RAHI: A support group for survivors of sexual abuse and incest
RAHI (Recovery and Healing from Incest) in New Delhi has been providing counselling and support to women survivors of sexual abuse since 1996.
Incest is defined as sexual contact between two family members who are considered too closely tied by blood for marriage. Sexual abuse, which is unwanted sexual contact directed from a perpetrator towards a victim, within families amounts to incest. According to the National Centre for Biotechnology Information (NCBI), a UNICEF survey revealed that, in 2005 to 2013, 10 percent of Indian girls might have fallen prey to sexual violence between the age of 10 and 14 years, and 30 percent between 15 and 19 years. Almost 42 percent of Indian girls have suffered from sexual violence before their teenage years.
In a chat over the phone, Anuja Gupta, founder of RAHI and an abuse survivor herself, unabashedly states that her own experiences led her to found this organisation. One admires her courage and grit in starting something so unique in the Indian social fabric and speaking about it regardless of possible taboo.

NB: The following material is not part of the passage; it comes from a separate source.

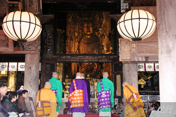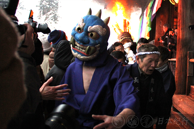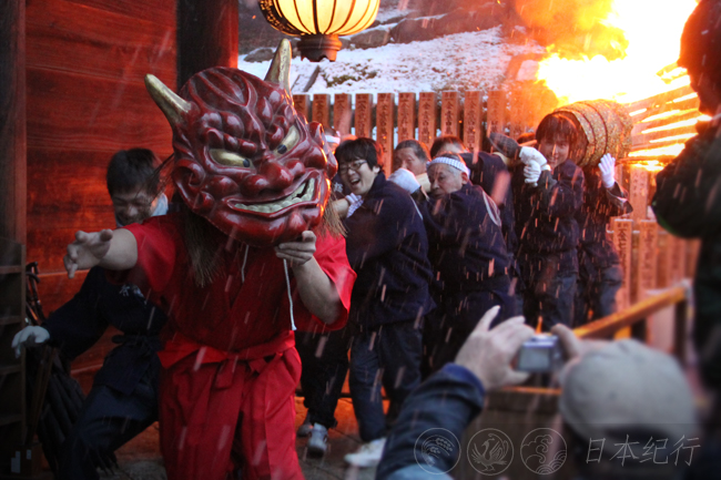 长谷寺的主佛是1538年做成的金色十一面观世音菩萨像。下午3点在正殿前通过了一系列祈祷国泰民安的忏悔法事后,随着海螺和太鼓的信号声,便由赤、青、绿三色装扮并代表着人间三种罪恶的三个恶鬼出现在众人的面前。他们在120公斤重的巨大松明火炬的追赶下发着奇异的怪叫声在人群中肆意妄行。到最后还是在佛法的威力下被驱赶的无影无踪。

Let me warn you, when you are speaking to the founder, you have to listen to a 22-year-old history, she laughs.
Fighting a brave battle
In 1990, when Anuja was 37 years old, counsellor Ashwini Ailawadi of a group counselling session, and Anuja’s brother encouraged her to launch RAHI. Since then, the organisation has been showing light at the end of the tunnel to many survivors of abuse.
For Anuja, it has been a tremendously exciting journey and has demanded all her courage and conviction to create as well as sustain a movement so ahead of her own times. “The impact is long-term,” she says. She is an expert trainer, therapist and educator in the field of child sexual abuse and incest, and she took up these roles when doing so was a taboo in our society.
Anuja conducts training with mental health professionals, students, parents, teachers, counsellors, and social workers. She lectures and presents extensively on the subject at universities, schools, conferences, NGOs and other forums in the country and abroad. She also conducts individual and group therapy with adult survivors and their families. She was part of the national core team that has drafted The Protection of Children against Sexual Offences Bill, 2011.
As RAHI’s Programme Consultant and Communications Manager, Ashwini, conceptualises RAHI’S programmes and oversees their functioning. He first started working against child abuse in the nineties, and he has been instrumental in the founding of RAHI.
Wings of fire
Established in 1996, RAHI provides education and awareness about child sexual abuse and incest, along with training, capacity building and skill development to victims. They call it the RAHI model of healing. The organisation believes that it is the survivors who can upturn the system with understanding and effort. Based in New Delhi and working across the country, RAHI offers counselling services and does research on sexual abuse and gender violence. It has published literature on survivor’s tales, and did the research for 30 Days of September, written by Mahesh Dattani, which is India’s first play on incest. The play was based on the stories that survivors shared with the playwright.
The HumRAHI programme ties the prevention of child marriage to prevention of sexual abuse in homes that young girls live in till they are of age. It trains grassroots workers to prevent and preempt child sexual abuse. Adolescents for Sexual Abuse Prevention (ASAP) is a programme offered to schools to involve both students and teachers in awareness and skill training against sexual abuse. Here, RAHI offers sessions with teachers, counsellors, parents, as well as with teens.
The Peer Education Programme (PEP) in colleges trains college girls to be listeners, and effectors of social change. The programme is aimed to modify attitudes towards sexual abuse and to create resources of healing within the peer group. Launched in 2004, there have been 84 Peer Educators (PEs) so far. Once trained, they conduct educational and cultural events for girls and boys of their peer group. Those who do not have time to be a PE, have the opportunity to attend the one-day How to Help a Friend Workshops on handling disclosure of child sexual abuse.
In the nature of the phoenix that is reborn after being burnt to ashes, RAHI selects and trains women survivors of sexual abuse over the age of 21 to be Firebirds.
After being shortlisted through an application form and an interview, the women attend a two-day workshop “combining group work and theoretical information that allows survivors to meet other survivors, share and learn with each other, make meaning of their abuse and gain knowledge on the subject that will help them become advocates. During the workshop, participants draw out a plan of social action according to their interests and skills. The workshop is followed by ‘Firebirds’ conducting these activities in their communities. The process continues to be therapeutic and a mentoring support for them,” reports the RAHI website.
RAHI’s methods are those of a rooted change — they question, explore and heal the very depths of social wounds.